For companies or products not addressed by the standard, or exempt from disclosure under the standard, USDA and FDA have both issued guidance on when and how voluntary labeling of the status of foods can occur.

First, USDA, in relation to the standard, has identified areas where voluntary disclosure that a food is bioengineered or derives from bioengineering is permissible. First, for companies who are exempt from the standard due to size, voluntary disclosure is permitted; this voluntary disclosure must comply with the requirements of the standard. In addition, when a company uses or packages highly refined ingredients where the modified genetic material is no longer detectable, the product can be permissibly labeled, following the requirements of the standard. However, in this circumstance, the permissible language for disclosure is “derived from bioengineering” or “ingredients derived from a bioengineered source.”

In addition, USDA FSIS has issued guidance on the voluntary labeling of foods as not bioengineered or derived from bioengineering. FSIS permits claims for both meat, poultry, and egg products derived from animals that do not consume bioengineered feed and on foods that do not contain bioengineered ingredients. These claims can include, in the first instance, “fed a diet with no GMO ingredients” on products from animals that do not consume feed derived from bioengineering or, for example, “no GMO ingredients” when a multi-ingredient product does not contain ingredients derived from bioengineering. In both circumstances, FSIS requires that the products are certified by a third-party certifying organization.

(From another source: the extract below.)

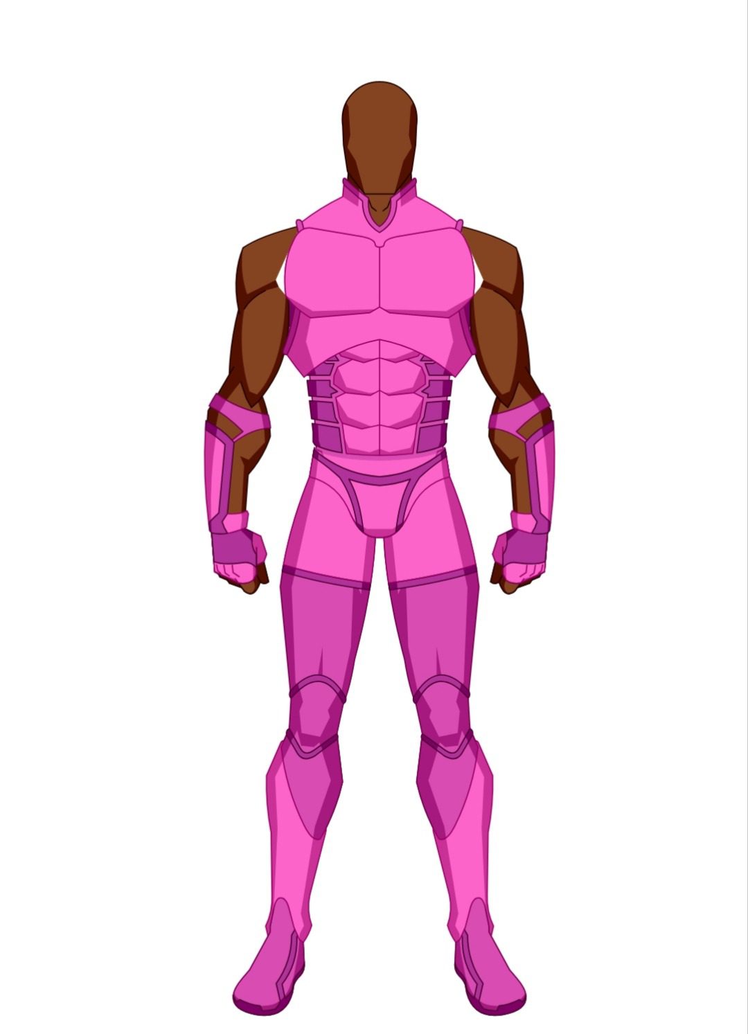 Miguel Testa, is a formidable and eye-catching superhero. Standing tall at 6’4″ and weighing 220 lbs, he has a physique that commands respect. His rich, deep black skin, accentuated by his striking white buzzcut, which adds a sharp contrast to his features and costume. His dark brown eyes, full of intensity and charm, glint behind his pink superhero mask
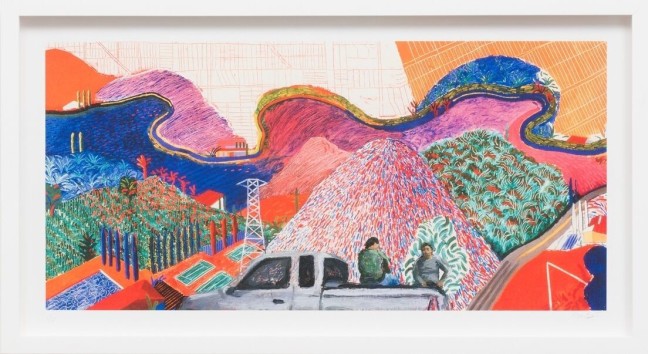 Above: (c) 2015 Ramiro Gomez, “Mulholland Drive: On the Road to David’s Studio (after David Hockney’s Mullholland Drive: The Road to the Studio, 1980)

FSIS, during the label approval process, requires proof of compliance with the certifying organization’s standard, and information about the certifying organization must be included in the product’s label to be approved.

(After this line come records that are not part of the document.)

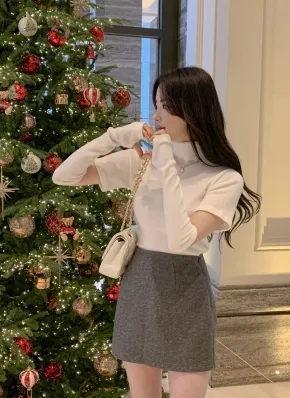 ハイウエストスリットAラインミニ無地スカートパンツ
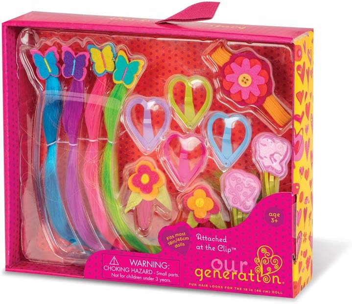 A Nossa Geração Presa no Clip – Conjunto de Acessórios de Extensões de Cabelo Glamourosas para Bonecas de 18 Polegadas – Conjunto de Penteados com 26 Peças
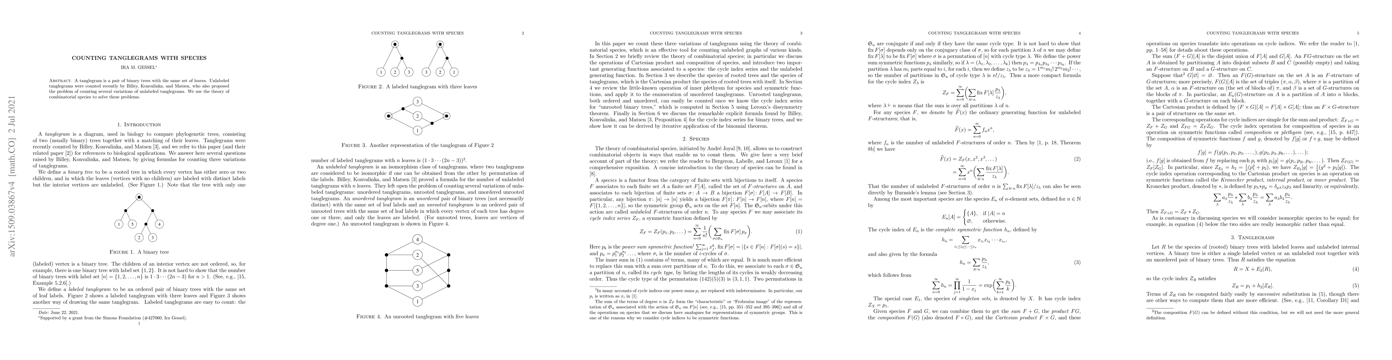 This paper employs combinatorial species theory to count various types of unlabeled tanglegrams, including unordered and unrooted variations, building on previous work by Billey, Konvalinka, and Matsen. The method provides a systematic approach to enumerate these complex tree structures.

For FDA-regulated products, FDA has also issued guidance for the voluntary inclusion of claims indicating the absence of bioengineered content in foods. Generally, FDA permits voluntary labels with information about whether the foods were not produced using bioengineering, as long as the information is truthful and not misleading. FDA’s guidance indicates that language such as “genetically modified” is discouraged because this language can encompass methods beyond those typically contemplated by bioengineering. If the language used on a label is “false or misleading,” the food can be considered misbranded under the Food, Drug, and Cosmetic Act, so any absence claims made on FDA-regulated foods must be truthful in all considerations.